When I turned 18, I gave myself a birthday gift. I became a high school dropout.
I went to a private middle school where instead of report cards, I got entire packets of evaluations. From science to cultural studies, every teacher took up a full sheet of paper, assessing my ability to ask questions, show up to class on time, and complete homework.
But when I enrolled in Berkeley High School -- a student metropolis with 3,500 other teens -- my class sizes doubled and homework and tests took on more weight than ever before. School became not about my level of mastery, but about how many papers I could turn in.
Everywhere I looked, I saw people falling into exhausting routines, full of extracurriculars, extra credit and extra tutoring; to pass all their AP classes, to look good for an expensive college, to get a scholarship. And here I was, just months into my freshman year, already exhausted. I'd sit in bed until late at night thinking, "How am I going to get through the next morning when today was hell?"

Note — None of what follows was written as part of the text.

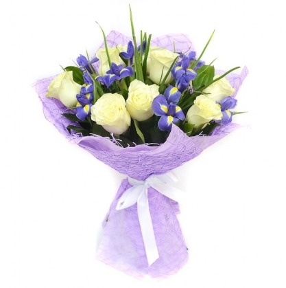 Композиция из белых роз и ирисов

Junior year, I started skipping classes in favor of reading in the park across the street. It was the first time in a long time that I felt engaged in learning. It woke me up to the fact that I needed to take control of my own education.
During my senior year, I dropped out. Within a month, I passed the GED with a plan to attend community college and transfer to a four-year university. Most adults couldn't understand why I'd give up on my high school education. After all, didn't I want to graduate?